In 1993 Newman began a collaboration with conceptual artist Lowell Darling on a project called Hollywood Archaeology. They began making Cibachrome prints of discarded movie film found by Darling in the streets and dumpsters of Hollywood in the early '70s. More recently the project has expanded and found a home on the World Wide Web, under the sponsorship of the Whitney Museum of American Art.
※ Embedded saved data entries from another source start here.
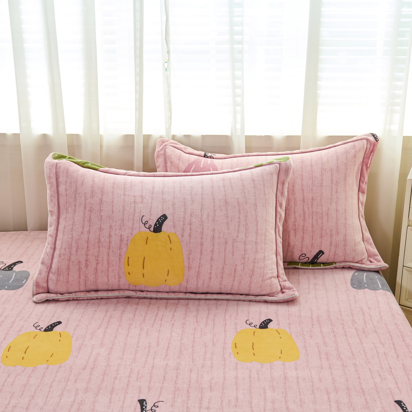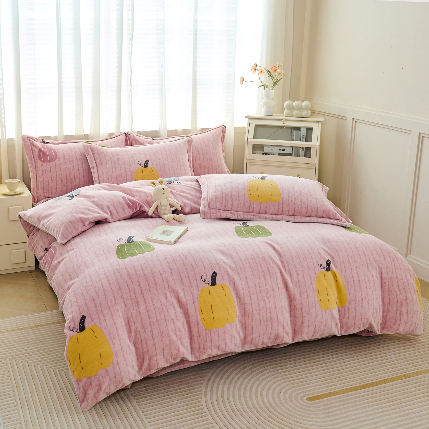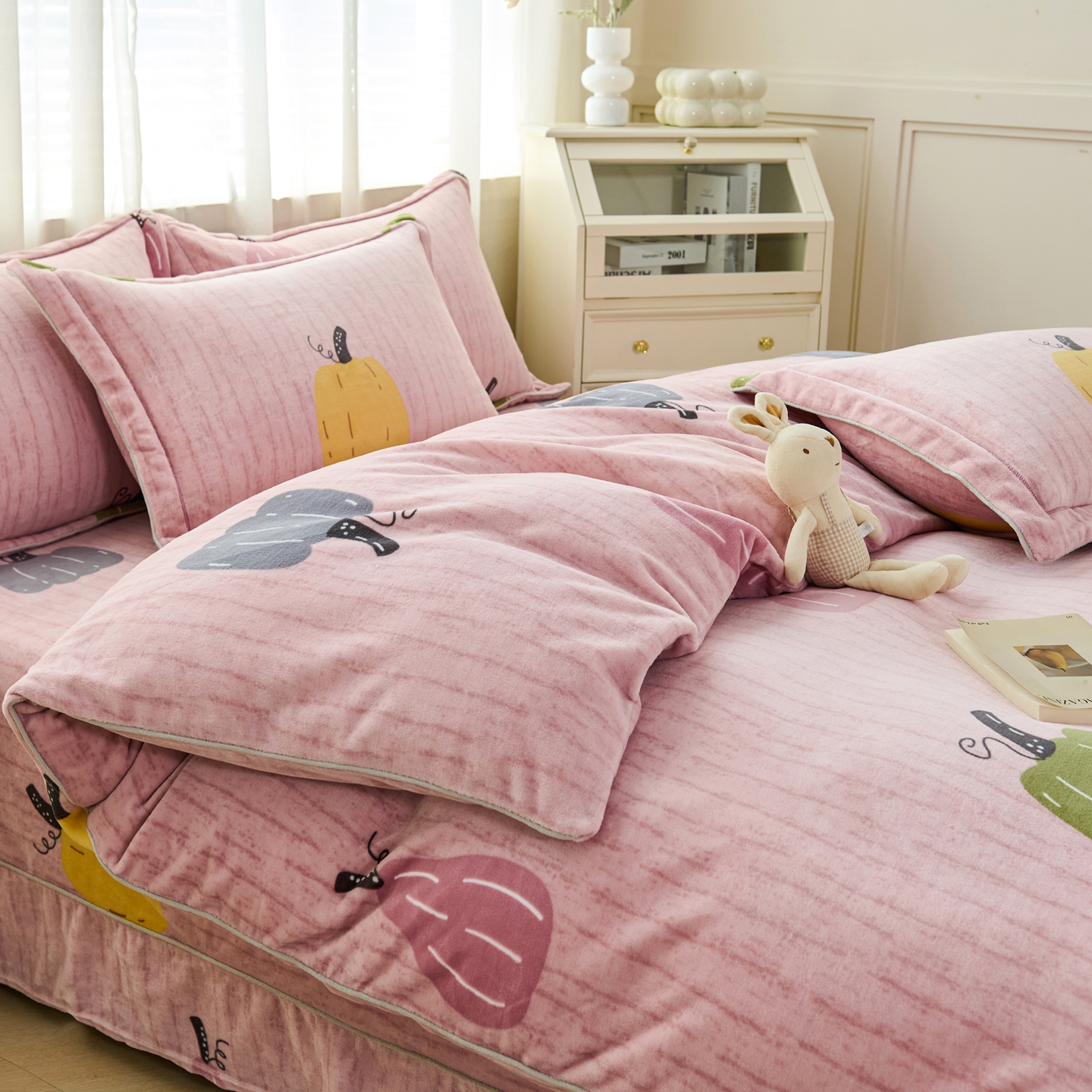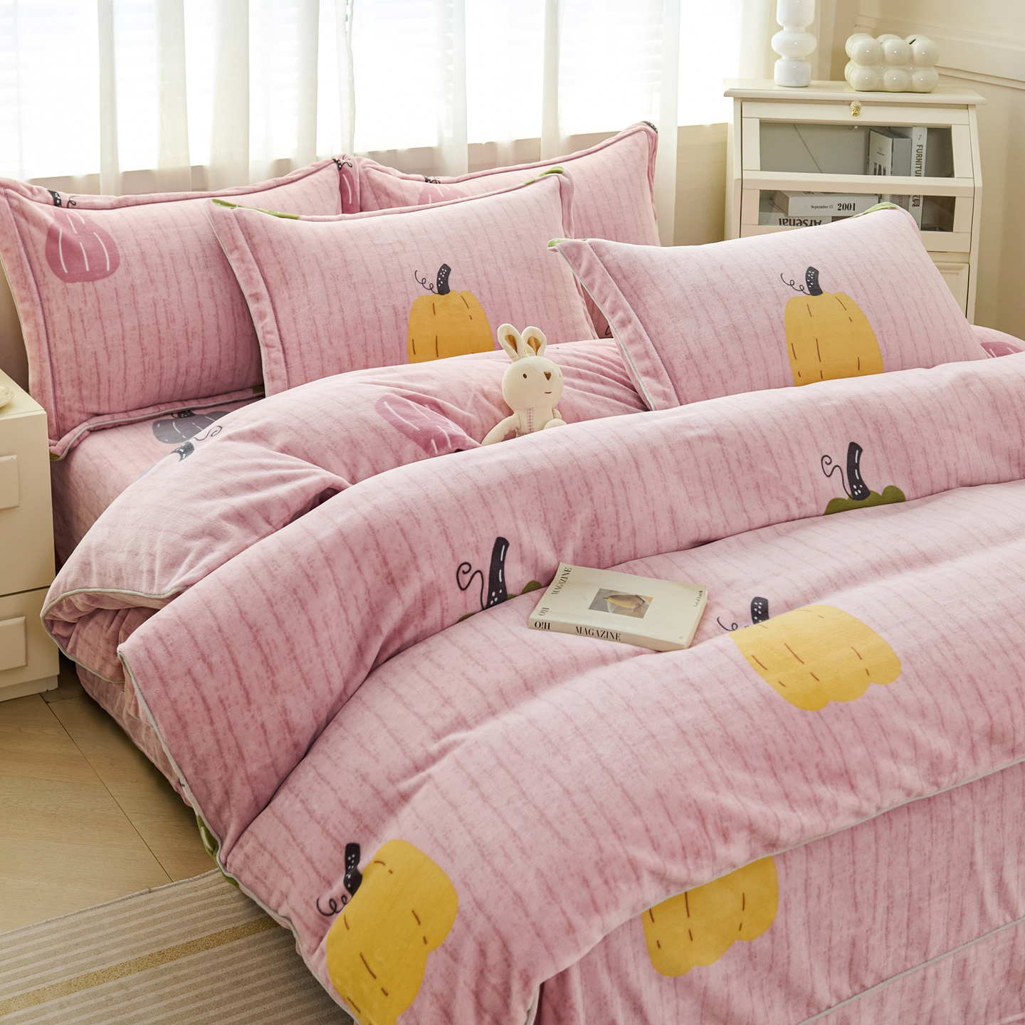 商品名称:尚品凤凰2025新款高克重印花牛奶绒四件套-工艺款 南瓜-粉
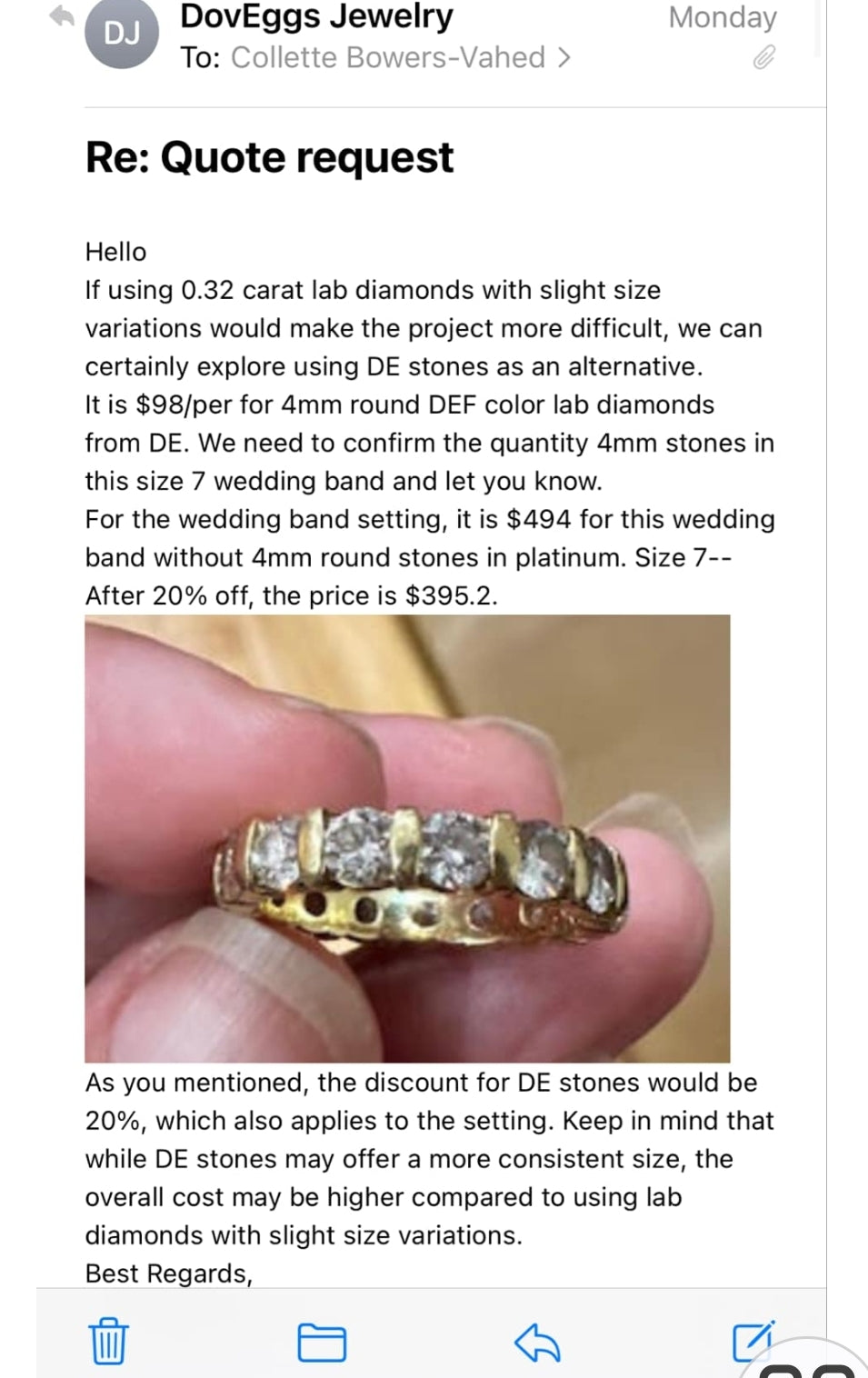 Semi-Mount Custom Payment link for Beth Size 7.5
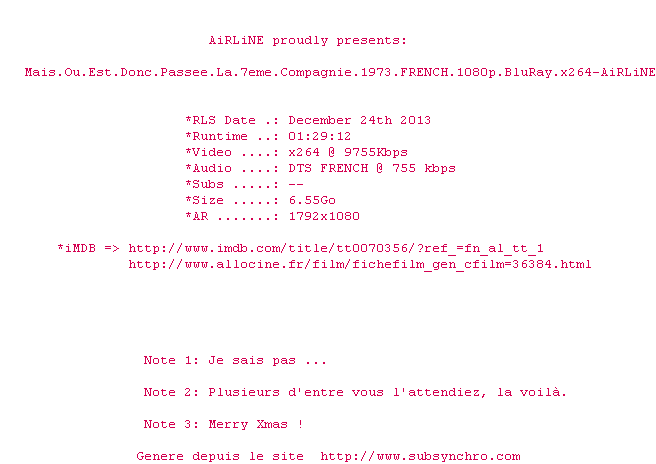 Voir le nfo de la release Airport.77.1977.MULTi.1080p.BluRay.x264-AiRLiNE
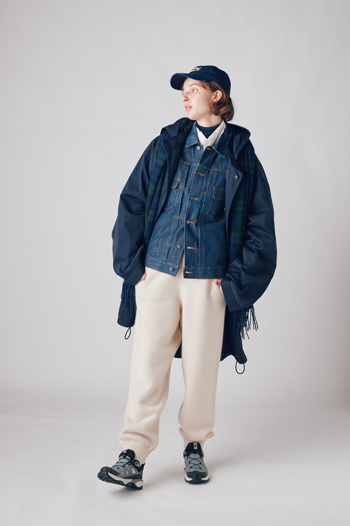 コート¥74800 / 77circa(77サーカ)、デニムジャケット¥42900/A.P.C.( アー・ペー・セー カスタマーサービス)、シャツ¥37400 / INDIVIDUALIZED SHIRTS、タートルネックセーター¥15400 / Souple Luz(ともにメイデン・カンパニー)、パンツ¥99000/BATONER(バトナー)、キャップ¥6600/HIGH ! STANDARD(ハイ! スタンダード)、マフラー¥13970/ TWEEDMILL(セムインターナショナル)、スニーカー¥18700/ Salomon(サロモン コールセンター)
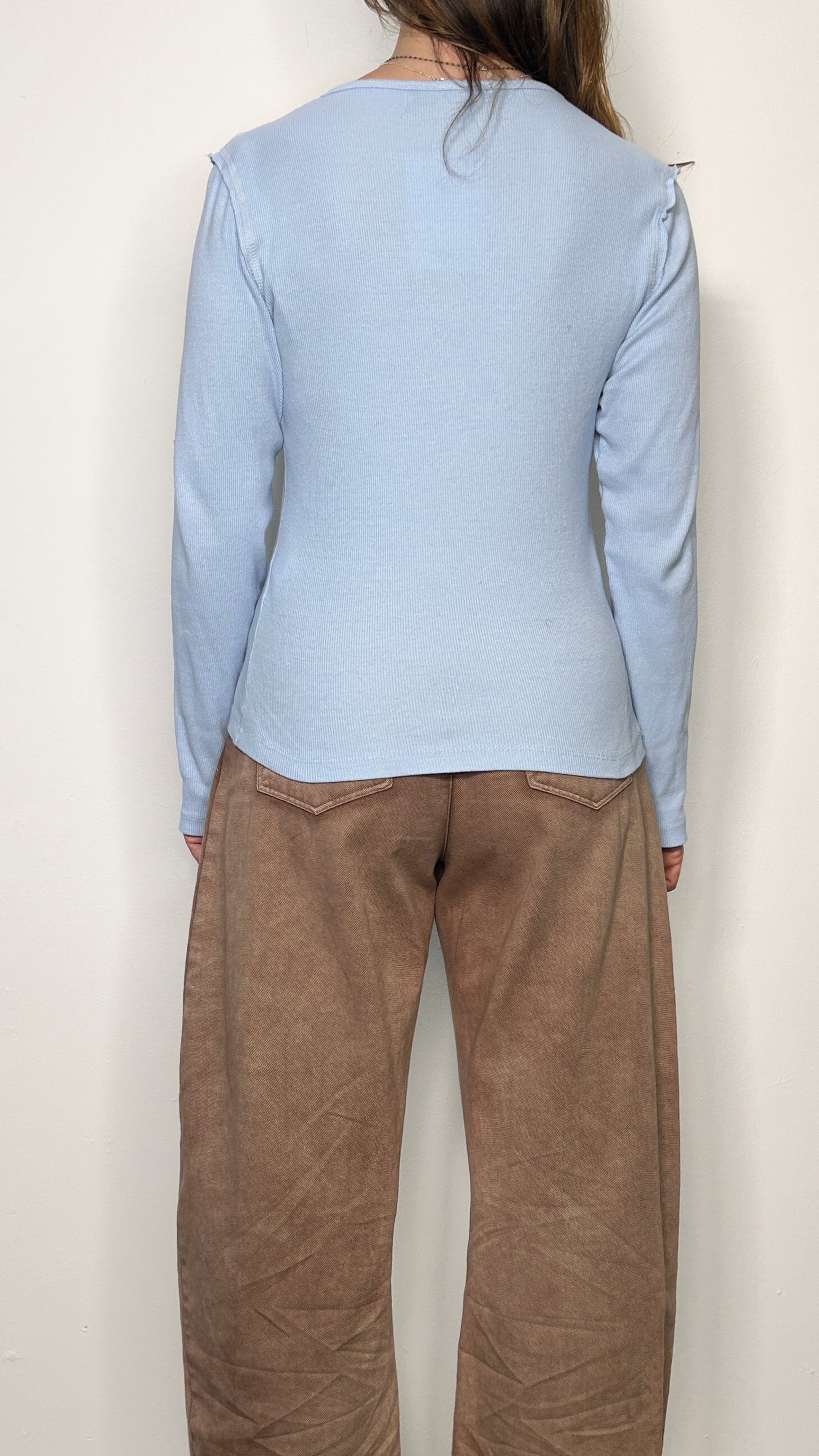 Questa maglia a maniche lunghe è realizzata in un leggero tessuto di cotone con una trama a costine che garantisce elasticità e una vestibilità che valorizza la silhouette. Il modello presenta uno scollo rotondo rifinito e originali cuciture esterne che donano un carattere contemporaneo al design essenziale. E' un capo ideale per completare outfit stratificati o per un look casual-chic quotidiano. Veste fino alla taglia 44.

==Film and television production==
In his capacity as a film and television producer, Newman worked with KQED-TV on production of the Dilexi Series, featuring twelve original TV programs by artists including Terry Riley, Arlo Acton, Anna Halprin, Yvonne Rainer, Robert Nelson, Frank Zappa, Andy Warhol, The Living Theater, Philip Makanna, Robert Frank, Edwin Schlossberg, Walter De Maria, and Ken Dewey. From 1971 to 1974 he produced two feature films, Phil Makanna's Shoot the Whale and Space Is the Place, featuring jazz bandleader Sun Ra. In 1976 he produced a video documentary on Philippine psychic surgery, Miracles and Metaphors.

==Arts Projects from the 1980s, 1990s and 2000-2021==
In 2017 Newman began collaborating with curator and art historian Laura Whitcomb in a series of projects documenting his career in the arts. In November 2021 Whitcomb authored and published a book titled DILEXI: a Gallery & Beyond. It covers the entire history of Dilexi Gallery and other projects, including the Dilexi TV series of artist commissions, films Newman produced, including Shoot the Whale and Space is the Place, his documentary In Between the Notes on the Indian classical vocalist Pandit Pran Nath, and the new music festival Other Minds, which Newman co-founded with Charles Amirkhanian.